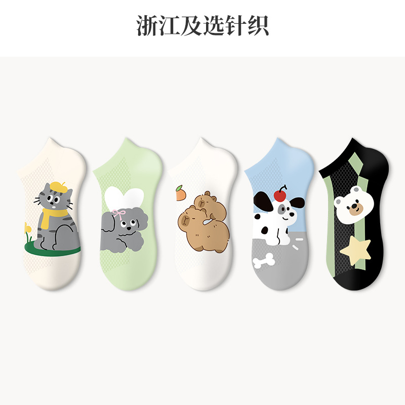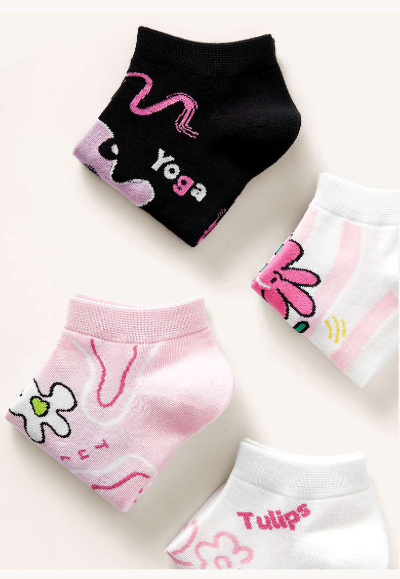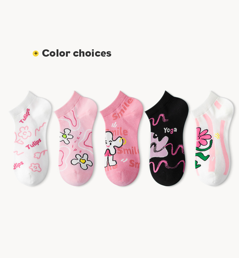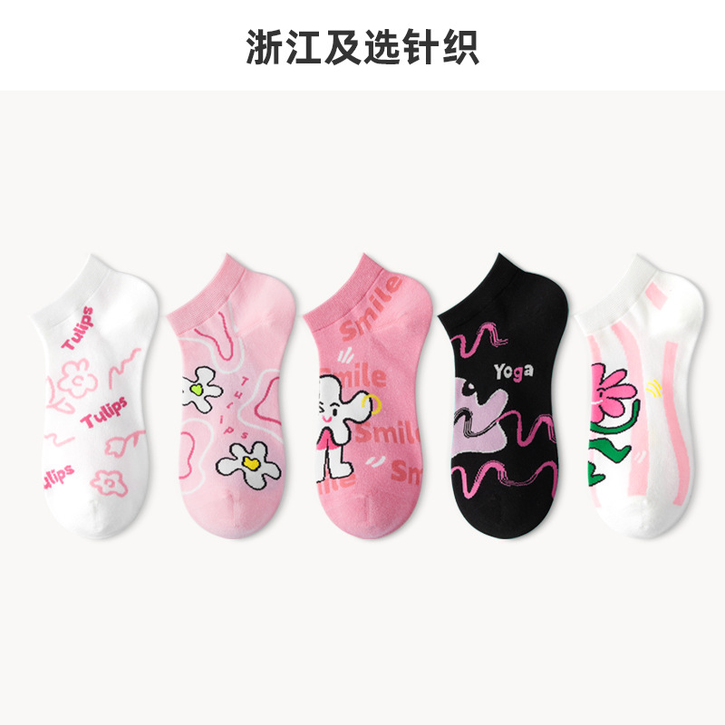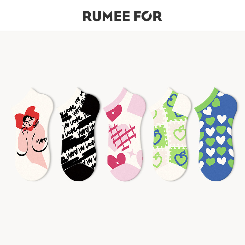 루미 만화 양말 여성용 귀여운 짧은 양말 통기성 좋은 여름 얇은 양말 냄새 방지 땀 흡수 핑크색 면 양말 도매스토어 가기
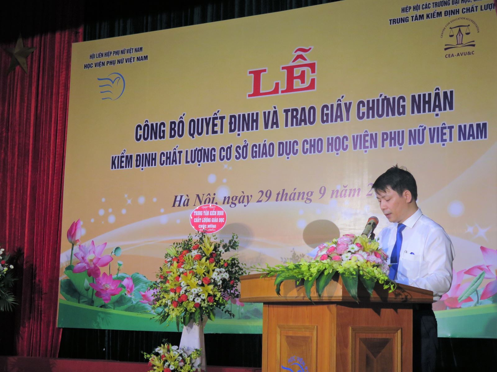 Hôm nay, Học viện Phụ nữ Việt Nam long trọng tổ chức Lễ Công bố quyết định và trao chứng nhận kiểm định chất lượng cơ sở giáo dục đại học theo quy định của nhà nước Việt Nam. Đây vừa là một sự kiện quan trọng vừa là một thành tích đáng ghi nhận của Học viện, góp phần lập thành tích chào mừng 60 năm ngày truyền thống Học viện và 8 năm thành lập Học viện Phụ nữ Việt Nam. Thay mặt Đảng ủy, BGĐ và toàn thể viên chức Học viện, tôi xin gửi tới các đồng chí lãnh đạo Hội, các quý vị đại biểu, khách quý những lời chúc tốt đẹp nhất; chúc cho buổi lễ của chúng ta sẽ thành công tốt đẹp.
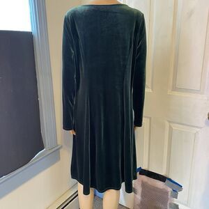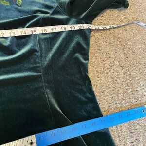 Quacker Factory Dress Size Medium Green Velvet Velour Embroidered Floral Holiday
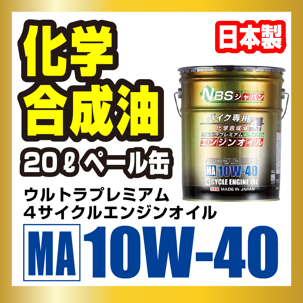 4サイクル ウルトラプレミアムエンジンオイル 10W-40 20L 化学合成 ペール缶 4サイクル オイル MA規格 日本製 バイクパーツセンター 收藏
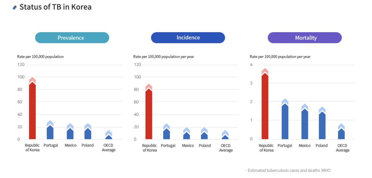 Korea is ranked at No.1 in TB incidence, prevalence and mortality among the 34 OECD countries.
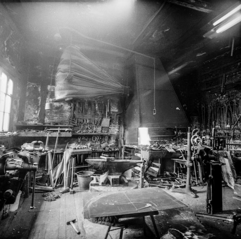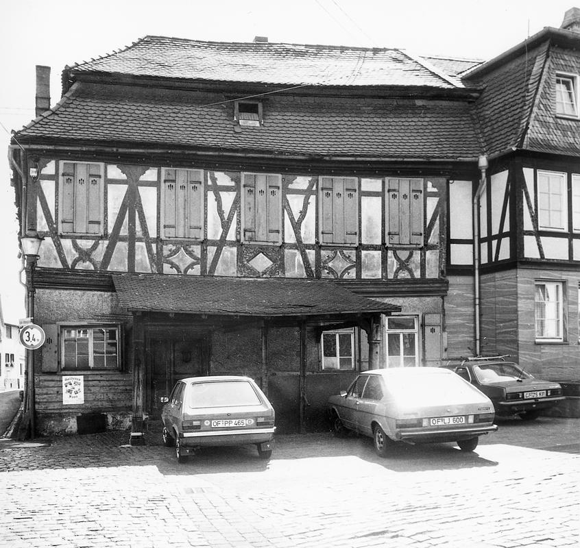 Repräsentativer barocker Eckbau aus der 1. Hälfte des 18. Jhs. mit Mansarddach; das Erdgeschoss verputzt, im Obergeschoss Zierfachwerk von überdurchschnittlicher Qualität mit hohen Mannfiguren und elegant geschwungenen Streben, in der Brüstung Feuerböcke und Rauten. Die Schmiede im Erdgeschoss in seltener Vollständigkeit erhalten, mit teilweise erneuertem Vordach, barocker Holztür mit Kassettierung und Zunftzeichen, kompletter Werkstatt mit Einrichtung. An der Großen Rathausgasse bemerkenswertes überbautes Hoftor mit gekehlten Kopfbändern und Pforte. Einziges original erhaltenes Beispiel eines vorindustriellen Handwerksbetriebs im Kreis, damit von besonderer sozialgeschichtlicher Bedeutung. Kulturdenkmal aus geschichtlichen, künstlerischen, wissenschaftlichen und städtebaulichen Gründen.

▬▬▬▬▬▬

• [Task item]: Reproduce the material above in full and without alteration, but skip all pictures.

• [Output for this exercise]:
 루미 만화 양말 여성용 귀여운 짧은 양말 통기성 좋은 여름 얇은 양말 냄새 방지 땀 흡수 핑크색 면 양말 도매스토어 가기
 Hôm nay, Học viện Phụ nữ Việt Nam long trọng tổ chức Lễ Công bố quyết định và trao chứng nhận kiểm định chất lượng cơ sở giáo dục đại học theo quy định của nhà nước Việt Nam. Đây vừa là một sự kiện quan trọng vừa là một thành tích đáng ghi nhận của Học viện, góp phần lập thành tích chào mừng 60 năm ngày truyền thống Học viện và 8 năm thành lập Học viện Phụ nữ Việt Nam. Thay mặt Đảng ủy, BGĐ và toàn thể viên chức Học viện, tôi xin gửi tới các đồng chí lãnh đạo Hội, các quý vị đại biểu, khách quý những lời chúc tốt đẹp nhất; chúc cho buổi lễ của chúng ta sẽ thành công tốt đẹp.
 Quacker Factory Dress Size Medium Green Velvet Velour Embroidered Floral Holiday
 4サイクル ウルトラプレミアムエンジンオイル 10W-40 20L 化学合成 ペール缶 4サイクル オイル MA規格 日本製 バイクパーツセンター 收藏
 Korea is ranked at No.1 in TB incidence, prevalence and mortality among the 34 OECD countries.
 Repräsentativer barocker Eckbau aus der 1. Hälfte des 18. Jhs. mit Mansarddach; das Erdgeschoss verputzt, im Obergeschoss Zierfachwerk von überdurchschnittlicher Qualität mit hohen Mannfiguren und elegant geschwungenen Streben, in der Brüstung Feuerböcke und Rauten. Die Schmiede im Erdgeschoss in seltener Vollständigkeit erhalten, mit teilweise erneuertem Vordach, barocker Holztür mit Kassettierung und Zunftzeichen, kompletter Werkstatt mit Einrichtung. An der Großen Rathausgasse bemerkenswertes überbautes Hoftor mit gekehlten Kopfbändern und Pforte. Einziges original erhaltenes Beispiel eines vorindustriellen Handwerksbetriebs im Kreis, damit von besonderer sozialgeschichtlicher Bedeutung. Kulturdenkmal aus geschichtlichen, künstlerischen, wissenschaftlichen und städtebaulichen Gründen.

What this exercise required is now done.